Tool call pruning: Tool inputs/outputs are verbose. After processing, replace them with a summary of what was learned.

3. Initializer Agent Pattern (Anthropic)

Use a different prompt for the first context window versus subsequent ones. The initializer agent acts as a boot sequence — it reads the repository, understands the task, creates a plan file, then hands off to the "worker" agent that actually executes. This is equivalent to BIOS → OS boot → application launch.

4. Attention-Aware Placement

LLMs attend differently to different positions in context. Manus exploits this with their todo.md pattern — the task list is constantly rewritten to stay at the end of the context window, where recency bias keeps it most salient. Instructions at the beginning benefit from primacy effects. The dead zone is the middle.

The anti-patterns:

Monolithic instruction files: Rot instantly, crowd out the task, provide non-guidance.
Context pollution: Loading irrelevant information "just in case" — every token has an opportunity cost.
Few-shot self-repetition: Agents that see their own prior outputs start copying patterns rather than reasoning fresh.
Context debt: Ambiguous, contradictory, or outdated agent instructions that accumulate over time. This is the equivalent of technical debt but for agent configuration.

Pillar 3: Memory Management

What it solves: LLMs are stateless. Every API call starts from zero. Memory gives agents continuity across sessions.

The three memory tiers:

Tier	Scope	Implementation	Example
Working memory	Current task	The active context window	"I'm currently debugging the login form"
Session memory	Current session, survives context compaction	File-based checkpoints (`claude-progress.txt`, `todo.md`)	"I've completed steps 1-3, step 4 is in progress"
Long-term memory	Cross-session, persistent	Vector databases, LangGraph Store, filesystem	"This user prefers TypeScript, their API key is stored at ~/.config"

File-based memory dominates in practice:

Anthropic: claude-progress.txt — structured log enabling session handoff. When a context window fills, the next session reads this file to reconstruct state.
OpenAI Codex: AGENTS.md + docs/exec-plans/active/ — execution plans with progress and decision logs, versioned in git.
Manus: todo.md — constantly rewritten task list that serves as both memory and attention anchor.
OpenClaw: All state stored as Markdown/YAML files on local disk. Memory is literally files.
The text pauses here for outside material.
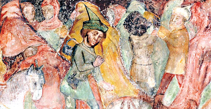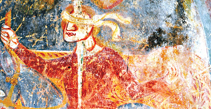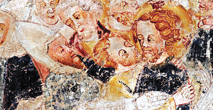 V cerkvici sv. Sebastijana, desno za okvirjem baročne slike, je komaj vidna roka z mečem, del prizora sv. Pavla. Mišičasta nadlaht, oblikovanje ob telesu oprijete draperije in karakteristični kolorizem odkrivajo poteze mojstra Dominika. Bolj znane freske se nahajajo v gotski cerkvi sv. Katarine, skladni stavbi, kateri je dozidana lopica s polnimi stenami in tremi odprtinami.

Why file-based > vector DB for most agent memory:

Vector databases excel at semantic search across large corpora. But most agent memory is structured, recent, and task-specific — closer to a scratchpad than a knowledge base. Files are inspectable, diffable, version-controllable, and trivially readable by the agent. The overhead of embedding, indexing, and querying a vector store is often worse than just reading a well-organized file.

Where vector search does matter: Long-term memory across many sessions (e.g., "what did the user tell me about their preferences 3 weeks ago?"), and retrieval over large codebases (finding the right file in a 10,000-file repo).

Pillar 4: Model Routing

What it solves: No single model is optimal for all tasks. Routing sends easy tasks to cheap models and hard tasks to expensive ones.

The routing hierarchy:

User intent → Task classification
                    │
          ┌─────────┼──────────┐
          ▼         ▼          ▼
      Simple     Medium     Complex
     (Haiku)    (Sonnet)    (Opus)
       ~$0.25    ~$3.00     ~$15.00
      per 1M    per 1M     per 1M

What a production router handles:

Task-to-model mapping: "Reformatting this JSON → Haiku. Designing the API architecture → Opus."
Fallback chains: Primary model times out or rate-limits → try secondary → try tertiary.
Provider abstraction: Swap between Anthropic, OpenAI, Google without changing agent code. The harness handles auth, format translation, and error normalization.
Cost accounting: Track spend per task, per agent, per session. Alert when budget thresholds are hit.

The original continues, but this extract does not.